§ TASK DETAILS:
Take from the entries below the stretch from the line with "placenta, fabric, etc." through the line with "Samedi 8 mars", and return it exactly, leaving the pictures out.

§ DATA UNDER STUDY:

########

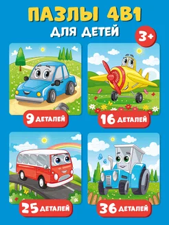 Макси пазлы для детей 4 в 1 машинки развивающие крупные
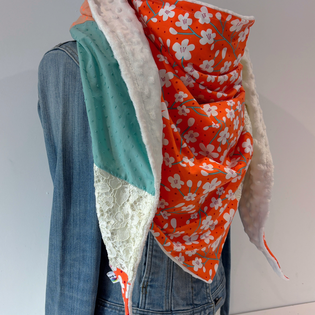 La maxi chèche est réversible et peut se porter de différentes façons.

########

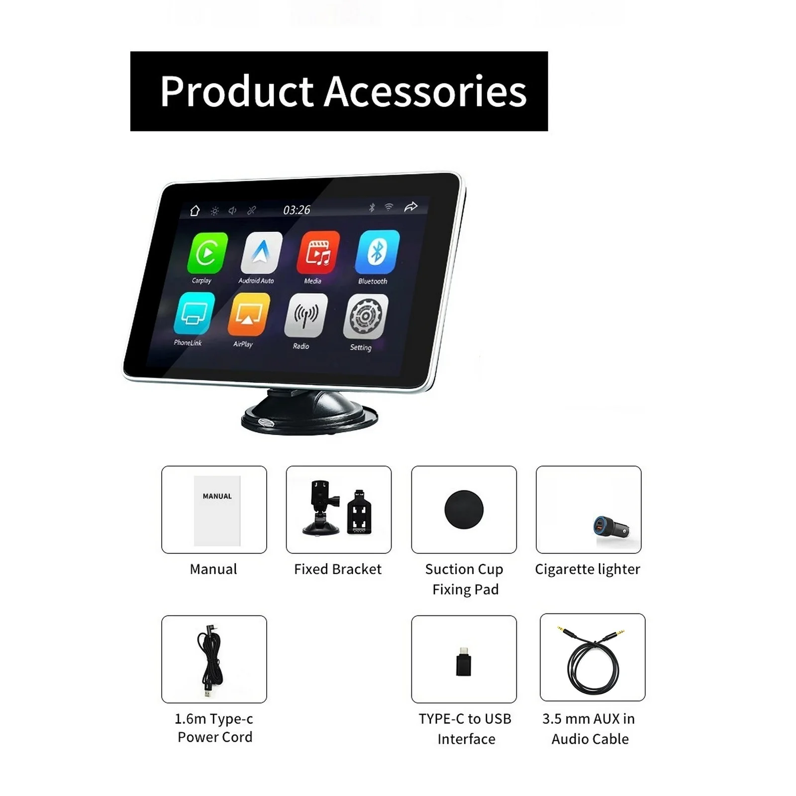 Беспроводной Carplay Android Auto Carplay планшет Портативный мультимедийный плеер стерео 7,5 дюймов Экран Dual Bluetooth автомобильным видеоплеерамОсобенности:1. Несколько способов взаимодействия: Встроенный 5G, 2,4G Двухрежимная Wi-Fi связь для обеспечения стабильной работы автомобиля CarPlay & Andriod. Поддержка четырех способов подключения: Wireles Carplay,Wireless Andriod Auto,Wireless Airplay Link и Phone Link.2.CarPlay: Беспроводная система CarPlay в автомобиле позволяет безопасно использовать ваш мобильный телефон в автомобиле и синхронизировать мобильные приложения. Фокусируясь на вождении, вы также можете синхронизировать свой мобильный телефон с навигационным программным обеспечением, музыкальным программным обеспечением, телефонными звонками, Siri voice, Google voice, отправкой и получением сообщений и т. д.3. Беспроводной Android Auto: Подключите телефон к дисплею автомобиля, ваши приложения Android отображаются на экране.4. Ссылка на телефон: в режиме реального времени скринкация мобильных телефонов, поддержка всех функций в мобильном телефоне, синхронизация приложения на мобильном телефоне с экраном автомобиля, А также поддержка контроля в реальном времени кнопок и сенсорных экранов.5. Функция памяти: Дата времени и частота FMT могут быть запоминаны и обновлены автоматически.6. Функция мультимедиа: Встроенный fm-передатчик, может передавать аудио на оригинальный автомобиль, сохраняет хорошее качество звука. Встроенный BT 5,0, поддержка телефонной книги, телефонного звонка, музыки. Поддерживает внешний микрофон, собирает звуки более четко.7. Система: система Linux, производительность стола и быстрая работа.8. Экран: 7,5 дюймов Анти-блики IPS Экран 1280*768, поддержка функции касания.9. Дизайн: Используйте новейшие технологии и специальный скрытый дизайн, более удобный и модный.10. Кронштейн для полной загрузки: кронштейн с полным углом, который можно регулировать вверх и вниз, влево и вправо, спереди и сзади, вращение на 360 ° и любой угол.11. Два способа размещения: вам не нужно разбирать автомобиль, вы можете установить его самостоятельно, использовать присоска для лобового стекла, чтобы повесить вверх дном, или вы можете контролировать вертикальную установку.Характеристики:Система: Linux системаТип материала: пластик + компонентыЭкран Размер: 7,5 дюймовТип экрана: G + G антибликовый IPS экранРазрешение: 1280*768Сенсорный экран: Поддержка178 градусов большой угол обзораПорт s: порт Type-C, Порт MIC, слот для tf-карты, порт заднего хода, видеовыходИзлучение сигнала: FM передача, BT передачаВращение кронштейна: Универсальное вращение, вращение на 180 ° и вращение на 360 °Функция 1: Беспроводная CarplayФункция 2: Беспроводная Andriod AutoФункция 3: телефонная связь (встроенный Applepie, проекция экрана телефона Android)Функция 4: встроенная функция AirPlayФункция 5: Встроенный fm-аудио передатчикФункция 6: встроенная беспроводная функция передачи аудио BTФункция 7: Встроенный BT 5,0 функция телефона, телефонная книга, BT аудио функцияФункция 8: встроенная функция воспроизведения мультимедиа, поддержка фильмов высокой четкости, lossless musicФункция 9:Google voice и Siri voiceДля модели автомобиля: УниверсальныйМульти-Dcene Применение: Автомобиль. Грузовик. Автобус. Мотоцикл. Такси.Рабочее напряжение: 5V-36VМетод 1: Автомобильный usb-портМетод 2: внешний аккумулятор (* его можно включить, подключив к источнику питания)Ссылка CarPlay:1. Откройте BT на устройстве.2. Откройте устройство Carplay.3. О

########

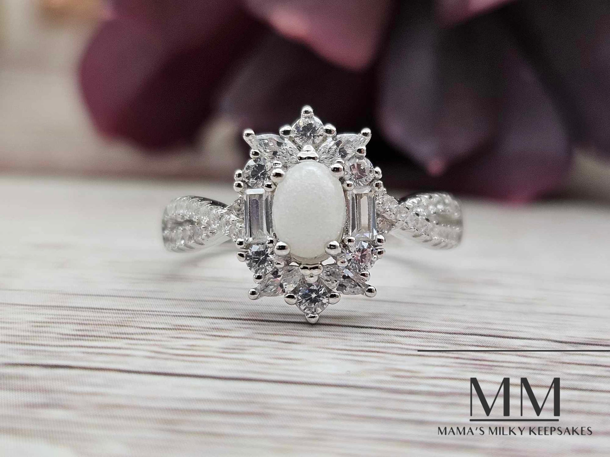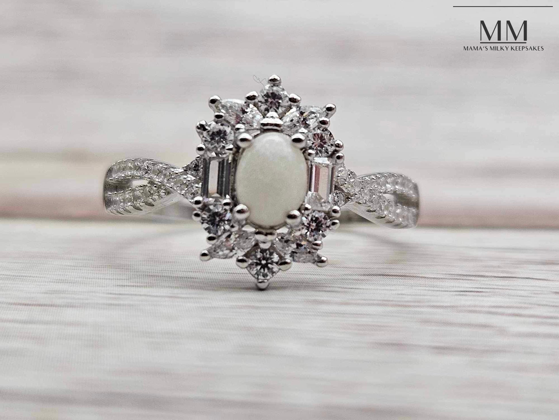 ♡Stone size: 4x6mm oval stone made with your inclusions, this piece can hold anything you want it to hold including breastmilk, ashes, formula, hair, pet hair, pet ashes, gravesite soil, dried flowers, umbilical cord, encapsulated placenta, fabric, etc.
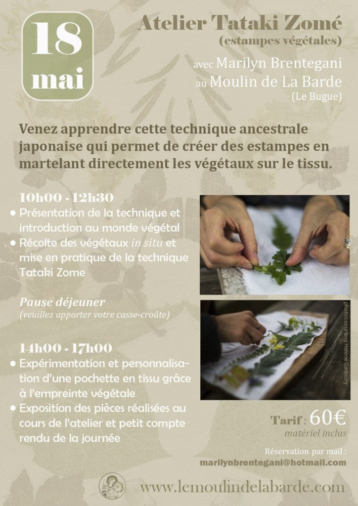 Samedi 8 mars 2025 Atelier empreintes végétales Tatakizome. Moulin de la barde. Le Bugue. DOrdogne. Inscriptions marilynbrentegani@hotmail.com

########

§ RESPONSE FOR THIS EXERCISE:
 ♡Stone size: 4x6mm oval stone made with your inclusions, this piece can hold anything you want it to hold including breastmilk, ashes, formula, hair, pet hair, pet ashes, gravesite soil, dried flowers, umbilical cord, encapsulated placenta, fabric, etc.
 Samedi 8 mars 2025 Atelier empreintes végétales Tatakizome. Moulin de la barde. Le Bugue. DOrdogne. Inscriptions marilynbrentegani@hotmail.com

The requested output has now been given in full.